- Original author: João Moura
- Developers: CrewAI Inc. and contributors
- Release: December 4, 2023; 2 years ago
- Stable release: 1.15.22 / September 16, 2026; 7 days ago
- Written in: Python
- Type: Software framework for AI agents
- License: MIT License
- Website: crewai.com
- Repository: github.com/crewAIInc/crewAI

= CrewAI =

Open-source artificial intelligence agent framework

CrewAI is an open-source software framework and platform for building AI agents and multi-agent systems. Written primarily in Python, it is used to define artificial-intelligence agents, assign tasks to them, and coordinate their work through agent teams and workflows. The framework is associated with CrewAI Inc., a startup developing enterprise tools for automating business workflows with large language model-based agents.

== History ==
CrewAI was first released on the Python Package Index in December 2023. The project was created by João Moura and later developed by CrewAI Inc. and open-source contributors.

In October 2024, TechCrunch reported that CrewAI had raised $18 million across seed and Series A funding rounds from investors including Boldstart Ventures, Craft Ventures, Earl Grey Capital, and Insight Partners. The report also stated that Andrew Ng and HubSpot co-founder Dharmesh Shah had invested in the company. SiliconANGLE described the company as the developer of an open-source framework for building artificial-intelligence agents and reported that the funding consisted of a seed round led by Boldstart Ventures and a Series A led by Insight Partners.

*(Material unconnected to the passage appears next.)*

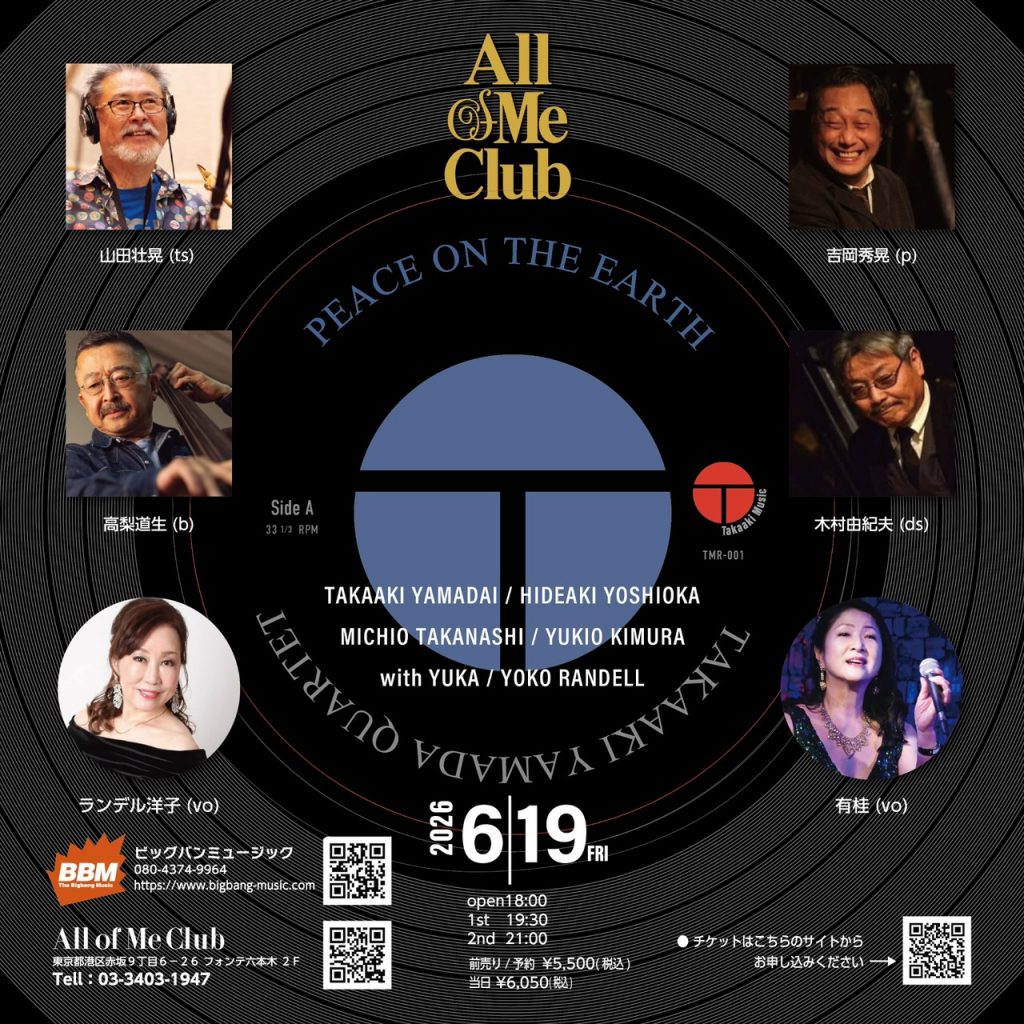 [2026.6.19] [PEACE ON THE EARTH] 山田壮晃カルテット with 有桂 at All of Me Club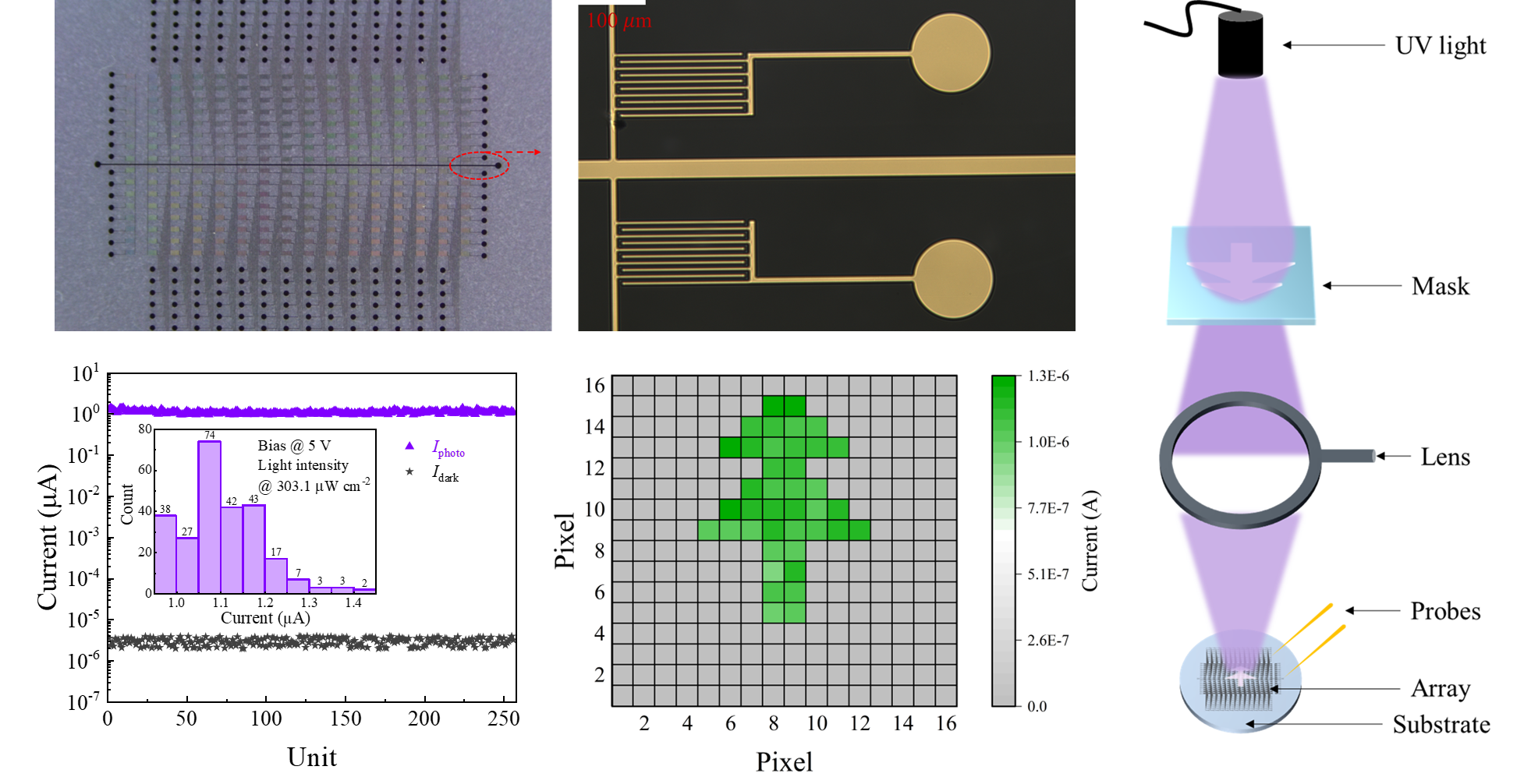 近日,得益于在Ga2O3基光电导型、肖特基型以及异质结构的光电探测器件方面的多年积累,色情网 唐为华教授领导的氧化镓创新中心(IC-GAO)成功制备出基于MOCVD生长2英寸β-Ga2O3薄膜的881616日盲紫外探测器阵列。相较于线性布局,该工作中的1616方形布局更有利于节省探测器阵列的占用面积,利于集成化应用,且无需复杂的绝缘隔离工艺可一次性、快速地对较复杂的图像进行记录并通过外部电路读出。该阵列8103的紫外/可见光抑制比显示出良好的波长选择性,为精确日盲紫外成像奠定基础。响应度达到了60.7 A W-1、探测度达到了2.21014 Jones、线性动态区为120.34 dB以及快速的响应时间。值得注意的是,对256个单元进行电学测试,发现暗电流均在2 pA4 pA间,最大标准偏差在6%-10%。这些表明了器件良好的均匀性和在紫外图像传感应用领域的潜力。相关成果发表在IEEE Electron Device Letters (doi: 10.1109/LED.2023.3272909)Science China Technological Sciences (doi: 10.1007/s11431-022-2404-8)上。论文第一作者为研究生沈高辉,通讯作者为唐为华教授和刘增副教授。工作是与郭宇锋教授团队密切合作完成,研究得到国家重点研发计划、国家自然科学基金等项目的资助。

By late 2024, CrewAI had introduced commercial enterprise products built on top of its open-source components. TechCrunch reported that the company's enterprise offering added access controls, analytics, support, and templates for workflow automation.

== Features ==
CrewAI is designed around groups of agents, sometimes called "crews", that can be assigned roles, goals, and tasks. The framework supports agent collaboration, task delegation, tool use, memory, and knowledge sources for retrieval-augmented generation workflows. The project describes two main building blocks: "Crews", which are used for autonomous agent collaboration, and "Flows", which are used for more controlled event-driven workflows.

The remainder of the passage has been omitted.